AttributeSource.RestoreState(AttributeSource.State)

AttributeSource.GetHashCode()

AttributeSource.Equals(object)

AttributeSource.ReflectAsString(bool)

AttributeSource.ReflectWith(IAttributeReflector)

AttributeSource.CloneAttributes()

AttributeSource.CopyTo(AttributeSource)

AttributeSource.ToString()

object.Equals(object, object)

object.GetType()

object.ReferenceEquals(object, object)

Namespace: Lucene.Net.Analysis.OpenNlp

Assembly: Lucene.Net.Analysis.OpenNLP.dll

Syntax

public sealed class OpenNLPTokenizer : SegmentingTokenizerBase, IDisposable

Constructors

OpenNLPTokenizer(AttributeFactory, TextReader, NLPSentenceDetectorOp, NLPTokenizerOp)

Declaration

public OpenNLPTokenizer(AttributeSource.AttributeFactory factory, TextReader reader, NLPSentenceDetectorOp sentenceOp, NLPTokenizerOp tokenizerOp)

Parameters

Type	Name	Description
AttributeSource.AttributeFactory	factory
TextReader	reader
NLPSentenceDetectorOp	sentenceOp
NLPTokenizerOp	tokenizerOp

OpenNLPTokenizer(TextReader, NLPSentenceDetectorOp, NLPTokenizerOp)

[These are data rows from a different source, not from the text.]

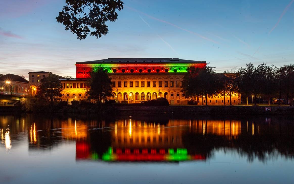 Die Mülheimer Stadthalle hat eine komplett neue Beleuchtung bekommen. Mit Unterstützung des Unternehmens Westenergie konnten die Leuchten sowohl innen als auch außen erneuert werden.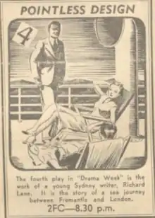 - ↑ Australian Broadcasting Commission. (1939), "Plays of the Air— Can Stage Plays be Radio Plays?", ABC weekly, Sydney: ABC (Vol. 3 No. 18 (3 May 1941)), nla.obj-1312687970, retrieved 26 October 2023 – via Trove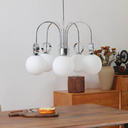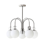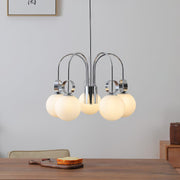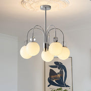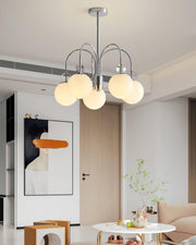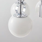 Bring timeless modern design to your home with the Carisa Collection Chandelier. Inspired by mid-century fashions, its classic chrome finish and glossy white glass globes create a chic, stylish look. Perfect for any room.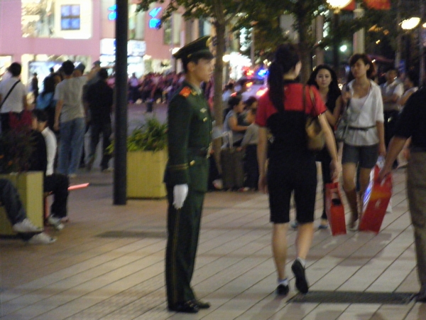 中国・北京にて 繁華街王府井にて微動だぞせず監視?する公安。街のあちこちに立っていた、ご苦労様です |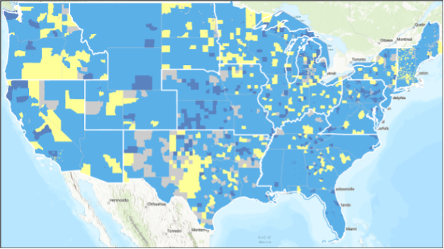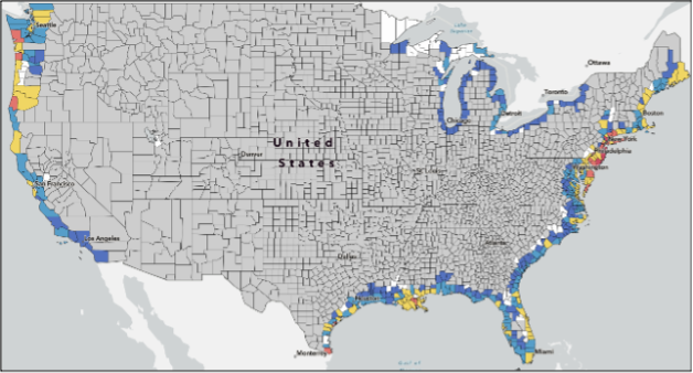 An analysis of the NRI reveals that eight out of 10 states with the highest average county risk score were among those with the most shoreline. Coastal regions often have large population centers with major infrastructure vulnerable to such threats as hurricanes, tsunamis, and flooding. Coastal flooding risk is one of the 18 natural hazard risk maps made available by NRI data (Figure 2).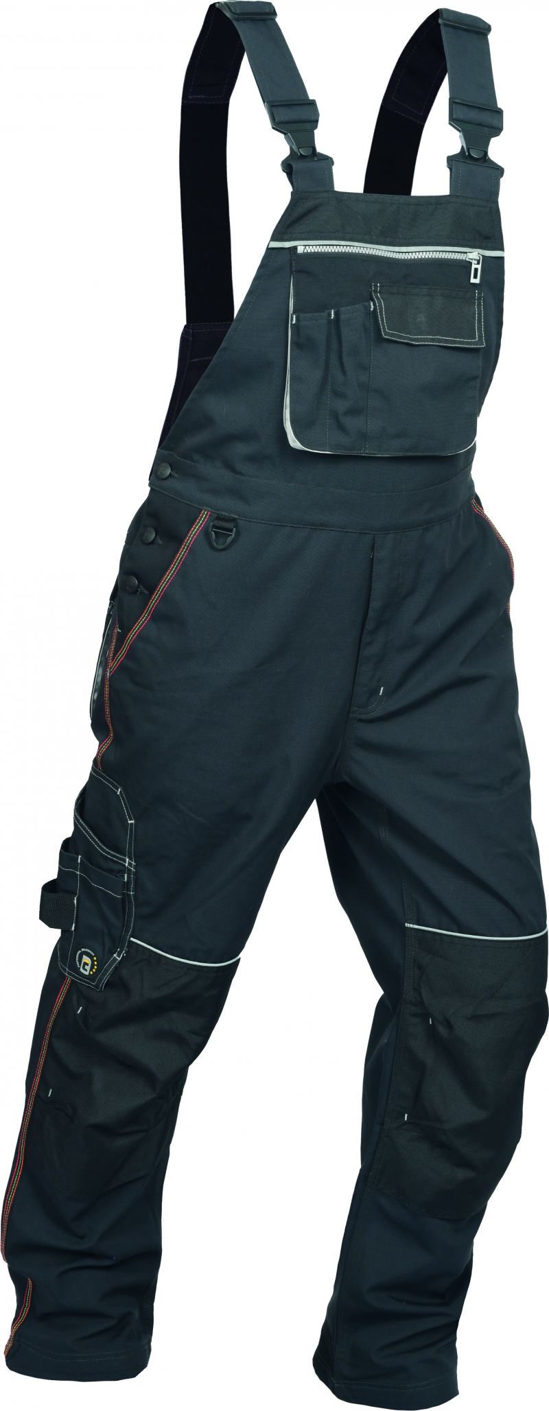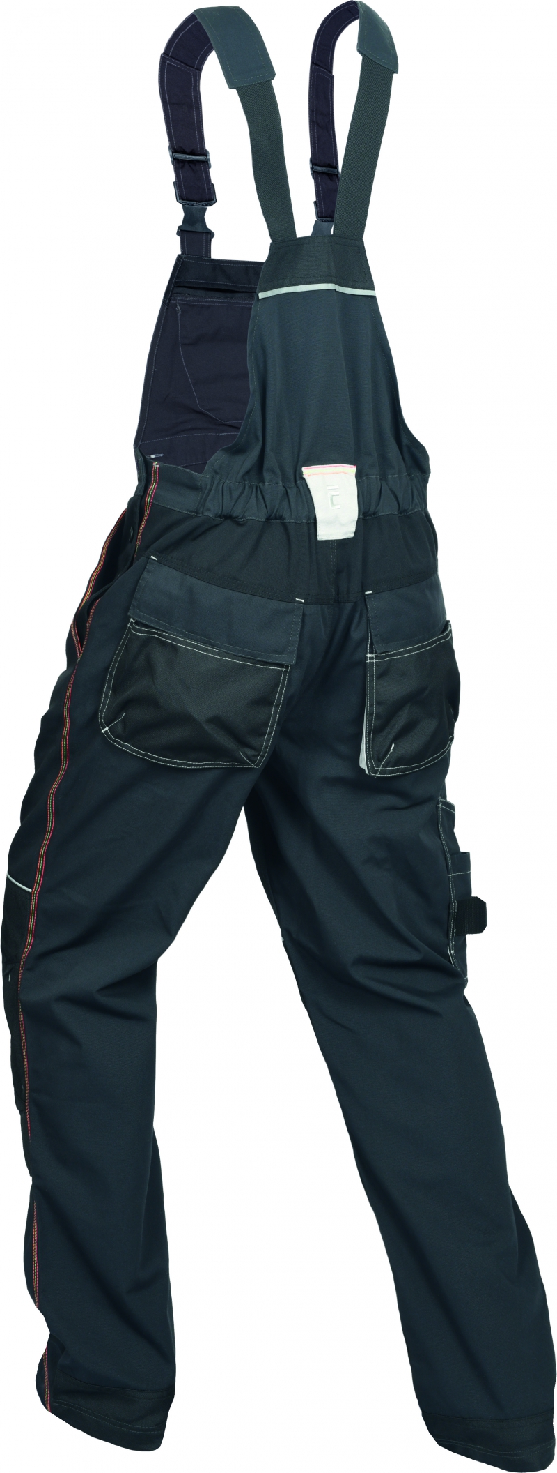 • pánské pracovní kalhoty s laclem • elastické šle a pas • 2 hluboké postranní kapsy • 1 multifunkční kapsa na straně nohavice • 1 nakládaná multifunkční náprsní kapsa na laclu • D koužek pro přichycení identifikační karty • 2 nakládané zadní kapsy s patkou • zesílená oblast kolen s možností vkládání kolenních výztuh • záložka na nohavici umožňující prodloužení délky až o 5 cm • zesílená zadní strana spodku nohavice • dekorativní prošití a kontrastní prvky v hi-vis barvě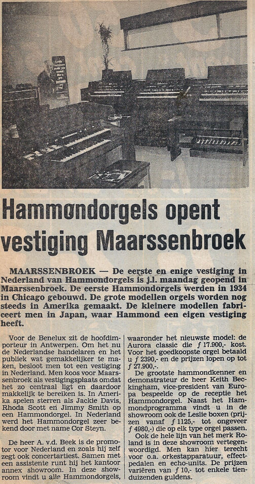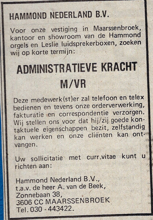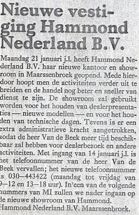 Hammond Nederland BV was gevestigd aan de Zonnebaan 38, 3606 CC Maarssen, tel 030-443422 en is op 27041979 geopend. De eerste secretaresse was Els Huitink, die opgevolgd werd door Irma de Vries.

Creates a new OpenNLPTokenizer

Declaration

public OpenNLPTokenizer(TextReader reader, NLPSentenceDetectorOp sentenceOp, NLPTokenizerOp tokenizerOp)

Parameters

Type	Name	Description
TextReader	reader
NLPSentenceDetectorOp	sentenceOp
NLPTokenizerOp	tokenizerOp

Fields

EOS_FLAG_BIT

Declaration

public static int EOS_FLAG_BIT

Field Value

Type	Description
int

Methods

Dispose(bool)

Releases resources associated with this stream.

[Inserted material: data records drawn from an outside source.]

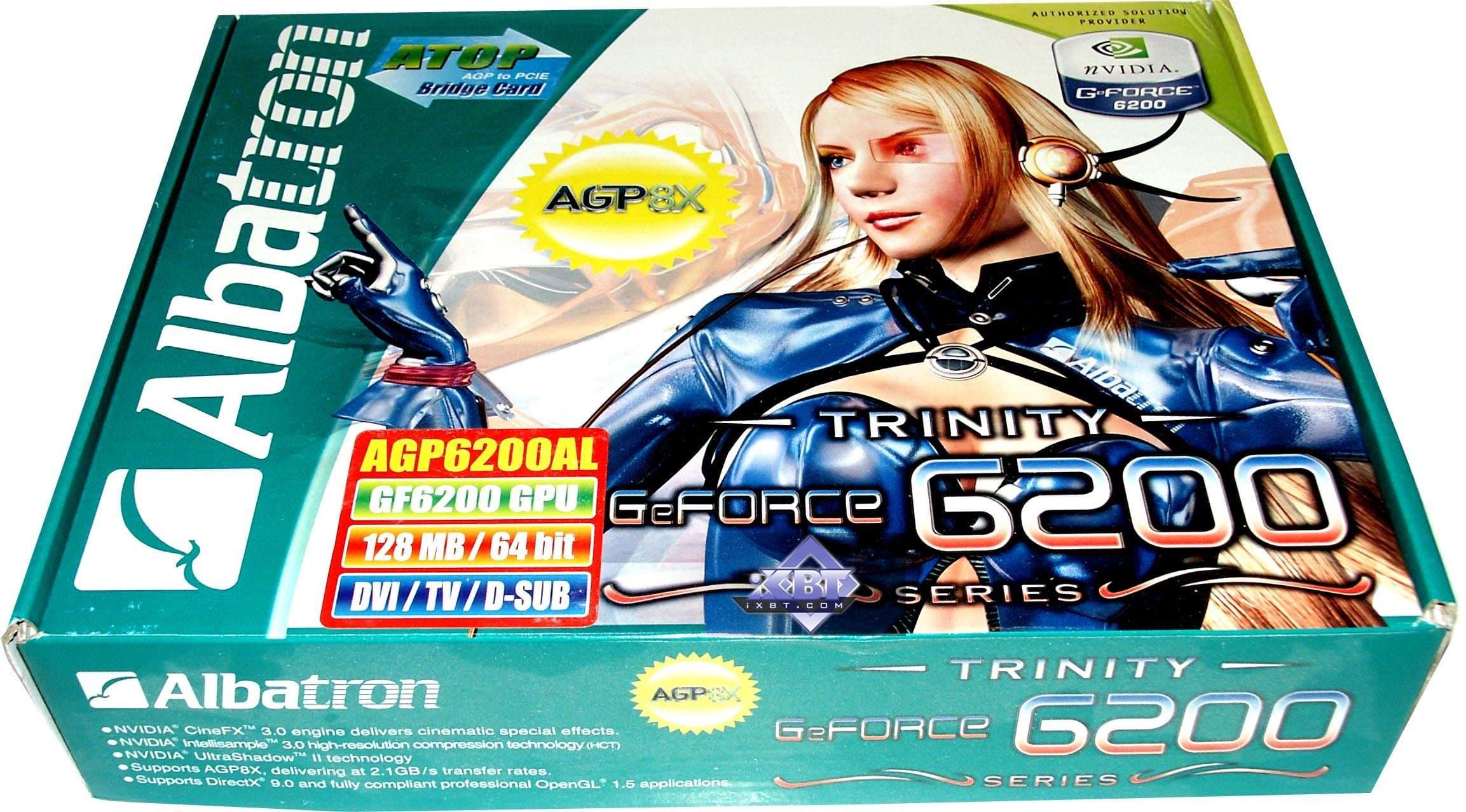 - Albatron GeForce AGP6200AL + ATOP PCI-E 128MB — весьма спорный и неоднозначный продукт. Да, безусловно, он интересный для исследований и изучений, но малопригоден для практики. Впрочем, могут найтись и такие пользователи, которые обновили платформу на PCI-E, но пока не хотят расставаться со своей AGP-видеокартой, и тогда ATOP может пригодиться! Но! Его ведь придется покупать с нагрузкой в виде 6200A. Снова отрицательный момент. В общем, как ни крути, изделие странное. Могли бы изготовить несколько типов брэкетов повышенной высоты под разные виды гнезд (VGA+DVI, DVI+DVI, DVI+VGA), поскольку они все стандартны для всех карт на референс-основе, с тем, чтобы можно было закрепить такую двухэтажную карту в корпусе. И положить их в комплект поставки. Разумеется, подчеркну еще раз, могут найтись и такие пользователи, которые будут только ради приобретения ATOP, но, к сожалению, продукт до сих пор так на прилавках и не появился, и возможно, что так и останется музейной редкостью (о чем я говорил уже выше).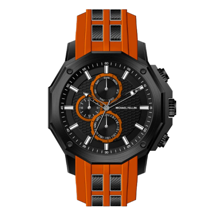 Michael Fellini Orange Silicone Strap Black Dial Chronograph Quartz Watch for Gents - MF-2346-05
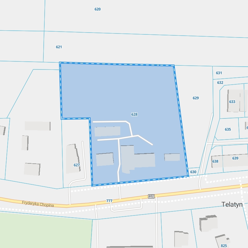 Zobacz przykładowe dane dotyczące Ewidencji Gruntów i Budynków. (Rejestr gruntów EGIB) Działka ewidencyjna urzędu znajduje się przy ul. Fryderyka Chopina. Wyszukaj swoją działkę na mapie Geoportal Telatyn i pobierz raport.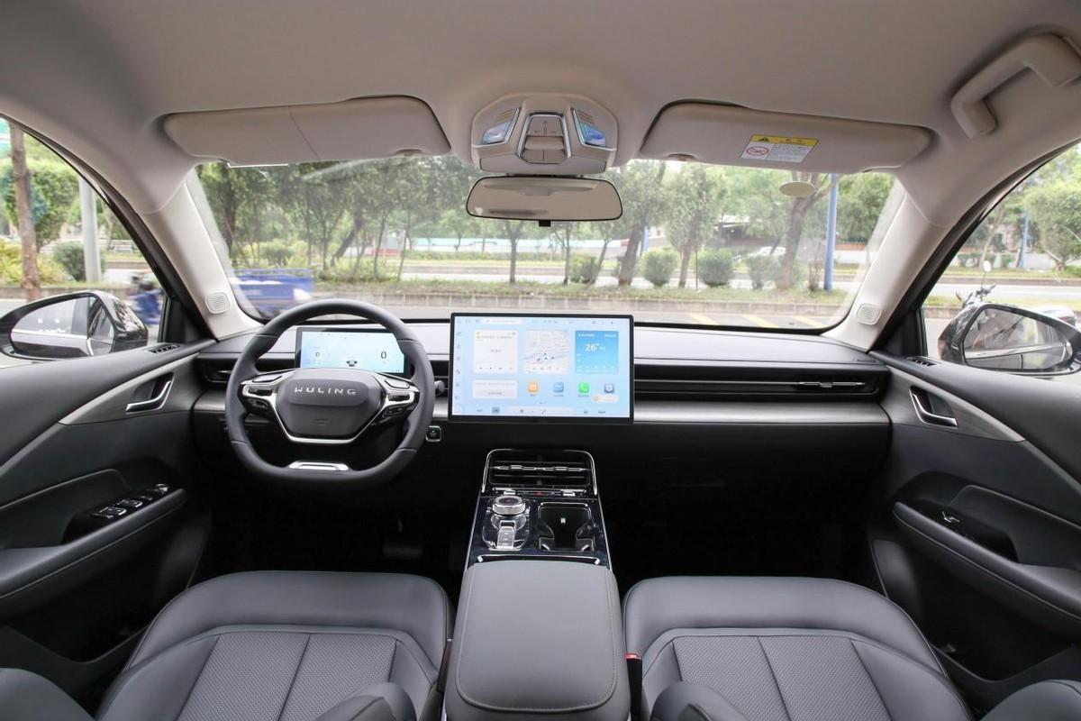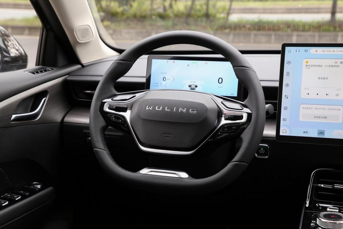 內飾方面:五菱星光EV的內飾設計很工整,沒有過多的裝飾,但是每個功能區域劃分得都很明確,8.8英寸的液晶儀表盤和15.6英寸的中控大屏采用懸浮式設計,背后就是貫穿式的出風口,中臺位置上布局了旋鈕式的換擋按鍵和常用的功能按鍵,整個駕駛艙的包裹性很好,車內的氛圍營造得也恰到好處。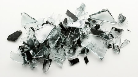 A visually striking arrangement of broken glass pieces sits on a white background, capturing the intricate details and sharp edges of the shattered fragments.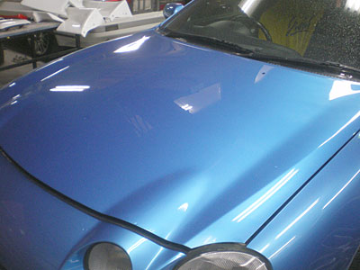 ◆セリカ(フード塗装)フード磨きをしました、明日サイドステップを修理したら完成です。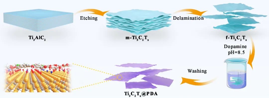 图1. Ti3C2Tx@PDA的制备流程。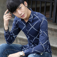2016秋季男士流行韩版长袖衬衫修身青年潮男装时尚寸衫长袖衬衣

If you override this method, always call base.Dispose(disposing), otherwise some internal state will not be correctly reset (e.g., Lucene.Net.Analysis.Tokenizer will throw InvalidOperationException on reuse).

Declaration

protected override void Dispose(bool disposing)

Parameters

Type	Name	Description
bool	disposing

Overrides

Tokenizer.Dispose(bool)

Remarks

NOTE: The default implementation closes the input TextReader, so be sure to call base.Dispose(disposing) when overriding this method.

IncrementWord()

Returns true if another word is available

Declaration

protected override bool IncrementWord()

Returns

Type	Description
bool

Overrides

Lucene.Net.Analysis.Util.SegmentingTokenizerBase.IncrementWord()

Reset()

This method is called by a consumer before it begins consumption using Lucene.Net.Analysis.TokenStream.IncrementToken().

Resets this stream to a clean state. Stateful implementations must implement this method so that they can be reused, just as if they had been created fresh.

If you override this method, always call base.Reset(), otherwise some internal state will not be correctly reset (e.g., Lucene.Net.Analysis.Tokenizer will throw InvalidOperationException on further usage).

Declaration

public override void Reset()

Overrides

Lucene.Net.Analysis.Util.SegmentingTokenizerBase.Reset()

SetNextSentence(int, int)

Provides the next input sentence for analysis

Declaration

protected override void SetNextSentence(int sentenceStart, int sentenceEnd)

Parameters

Type	Name	Description
int	sentenceStart
int	sentenceEnd

Overrides

SegmentingTokenizerBase.SetNextSentence(int, int)

Implements

IDisposable